→ Assigned task
Copy every record word for word. The images stay behind.
>>>>
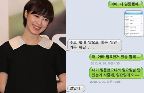 ク・ヘソンは 2日自分のツイッターに “夜明けにお父さんと取り交わした文字をまた読んで見てとても面白くて公開して見ます”と言いながら “娘が学校で仕事などしたと言うのに南仕事のようにおっしゃるうちの父”と言う(のは)文とともに文字内容をキャプチャして公開した.
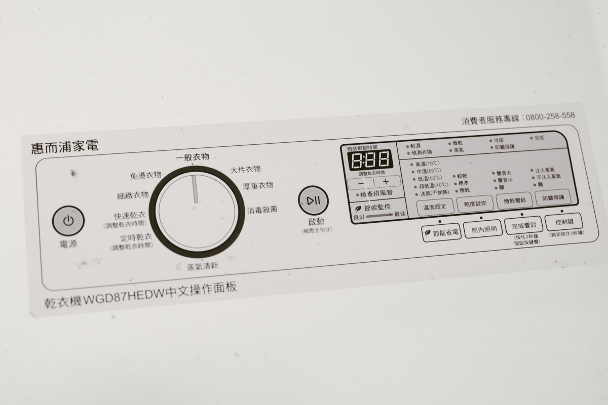 惠而浦洗衣機或乾衣機上的面板都是英文,這是因為美國原裝進口的關係,不過都有附中文使用手冊,以及一張操作介面的中文對照貼紙,像阿湯就把洗衣機的中文介面貼紙弄在乾衣機上,方便查看。
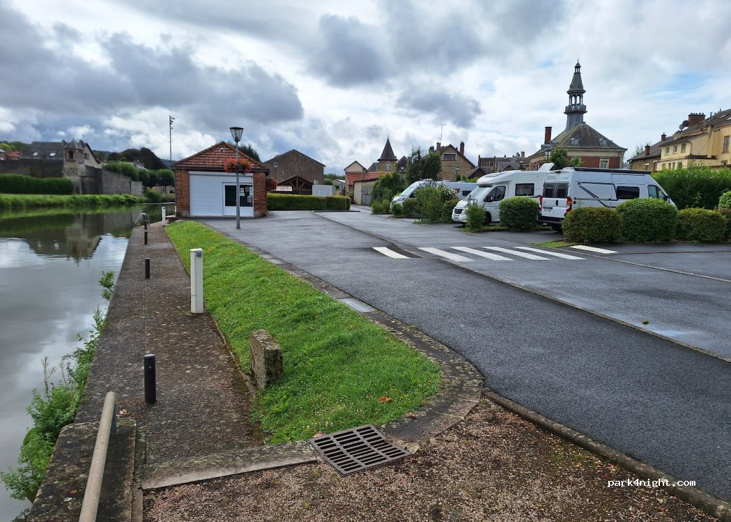 Bien agréable, vue sur le canal de Mouzon, tranquille la nuit, au calme, 8 euros tous compris par 24h, sympa la balade. Bonne route à tous
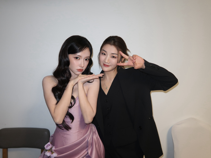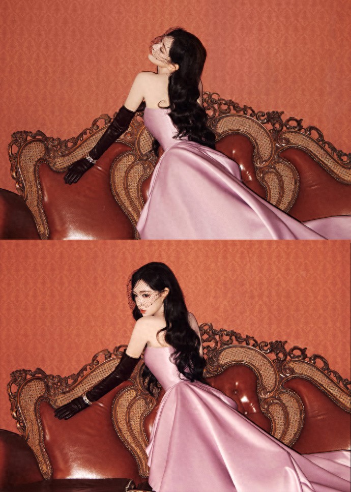 程潇粉色抹胸裙穿搭写真,戴皮手套太迷人了
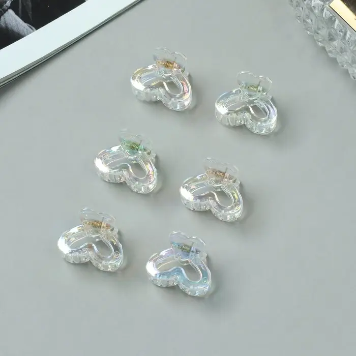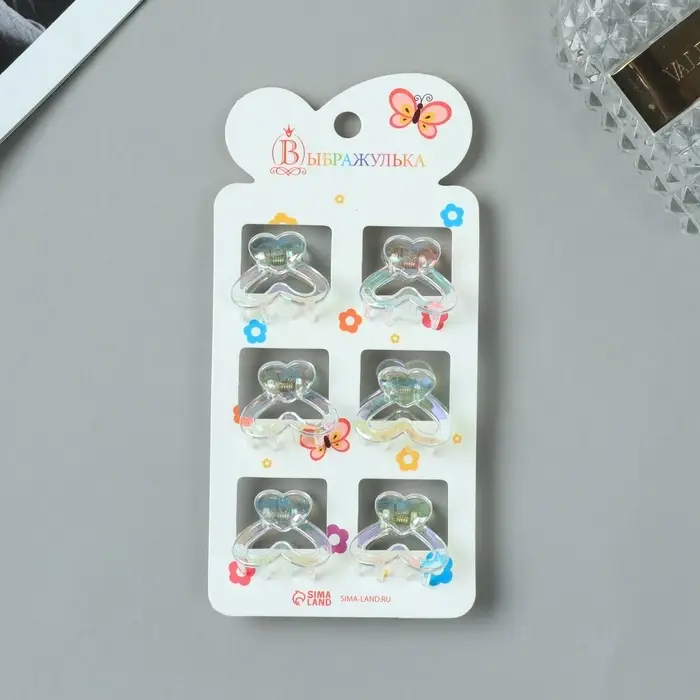 Крабики для волос Выбражулька «Аванти», сердце двойное, 2.5 см, набор 6 шт., прозрачные
<<<<
→ Result for this task
 ク・ヘソンは 2日自分のツイッターに “夜明けにお父さんと取り交わした文字をまた読んで見てとても面白くて公開して見ます”と言いながら “娘が学校で仕事などしたと言うのに南仕事のようにおっしゃるうちの父”と言う(のは)文とともに文字内容をキャプチャして公開した.
 惠而浦洗衣機或乾衣機上的面板都是英文,這是因為美國原裝進口的關係,不過都有附中文使用手冊,以及一張操作介面的中文對照貼紙,像阿湯就把洗衣機的中文介面貼紙弄在乾衣機上,方便查看。
 Bien agréable, vue sur le canal de Mouzon, tranquille la nuit, au calme, 8 euros tous compris par 24h, sympa la balade. Bonne route à tous
 程潇粉色抹胸裙穿搭写真,戴皮手套太迷人了
 Крабики для волос Выбражулька «Аванти», сердце двойное, 2.5 см, набор 6 шт., прозрачные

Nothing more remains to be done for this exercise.